All backends and some algorithms:

  • Fixed issue where grb::dot erroneously remained out-of-place after the specification since v0.1 has all operations except apply (and variants) defined as in-place.

Utilities:

  • Fixed issue where hpparser could segfault in unit test mode.

Others:

  • Switch to CMake as the build infrastructure.
  • Consistently have code and documentation refer to itself as ALP/GraphBLAS.
  • Cleaner separation of test categories: unit, smoke, and performance.
  • Now always compiles and runs unit tests both in release and debug modes.
  • Refactored some tests to become backend-agnostic.
  • Improved test coverage overall.
  • Fixed issue where hook-compatible tests may not always propagate errors.
  • Introduced targeted suppressions of GCC compiler warnings. While tested on various GCC versions, some warnings may yet appear for others during compilation of the library, tests, and / or programs. If so, please do report them so we can add them to the suppression list.
  • Code style fixes, dead code removal, and improved logging.

Version 0.3.0

Reference and reference_omp backends:

  • Fixed issue where grb::set, grb::vxm, and grb::mxv could fail for more exotic data types.
  • Fixed issue that prevented std::move on matrices, both from assignment and construction.
  • Optimised masked grb::set to now reach optimal complexity in all cases.
  • Optimised grb::eWiseLambda over matrices to avoid atomics.

BSP1D backend:

  • Fixed issue where iterating over empty matrices could fail in the BSP1D backend.
  • Fixed issue in BSP1D backend that caused dynamic allocations where they were not allowed.
  • Fixed issue where the automatic-mode launcher and benchmarker could, in rare cases, fail.
  • Fixed issue where, under rare conditions, the stack-based combine could fail.
  • Fixed performance bug in the BSP1D backend causing spurious calls to lpf_sync.
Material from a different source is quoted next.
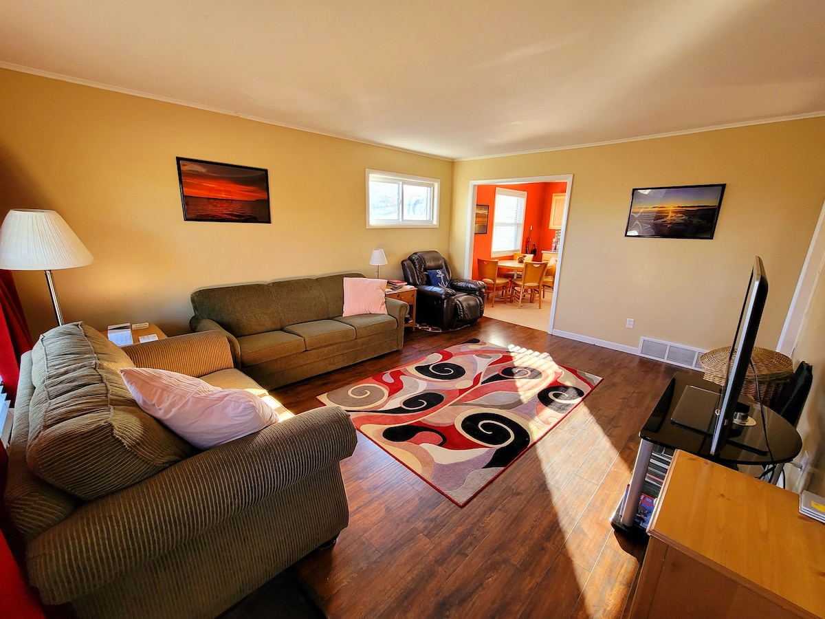 Centrally located, downtown, 800 sq. ft. heated solarium suite - bedroom, living room, small bathroom and kitchenette (toaster oven, microwave, electric frypan, mini fridge - not a full kitchen) and sleeper couch, attached to the back of my home. Private entrance out back, winter access thru the garage. Laundry facilities in the garage. Driveway parking. Well behaved dogs are welcome - see rules. Fenced backyard with fire pit. Solarium is full of plants. Beautiful front water view plus gardens.

Level-3 functionality, all backends:

  • Fixed issue where a masked set-to-value on matrices would fail.
  • Fixed issue where mxm could work with uninitialised values when more exotic semirings are used.
  • Fixed issue that prevented std::move on matrices, both from assignment and construction.
  • New level-3 function: eWiseApply.

(Note that the interface of level-3 functionality remains experimental.)

Algorithms and utilities:

  • Fixed issue where MatrixFileReader would store uninitialised values when reading pattern matrices.
  • Updated the sparse neural network inference algorithm.
  • New algorithm added: spy.

Others:

  • Fixed issue where a make clean would miss some object files.
  • Added new unit and performance tests, including those for detecting the above-described bug fixes and added functionality.
  • Documentation update in line with the upcoming revision of the C++ GraphBLAS paper.
  • Added some missing documentation.
  • Code style fixes and some dead code removal.

Version 0.2.0

Fix some issues in the Banshee backend that appeared after refactoring for the 0.1.0 release.

Removes --deps option from ./configure as it was no longer used.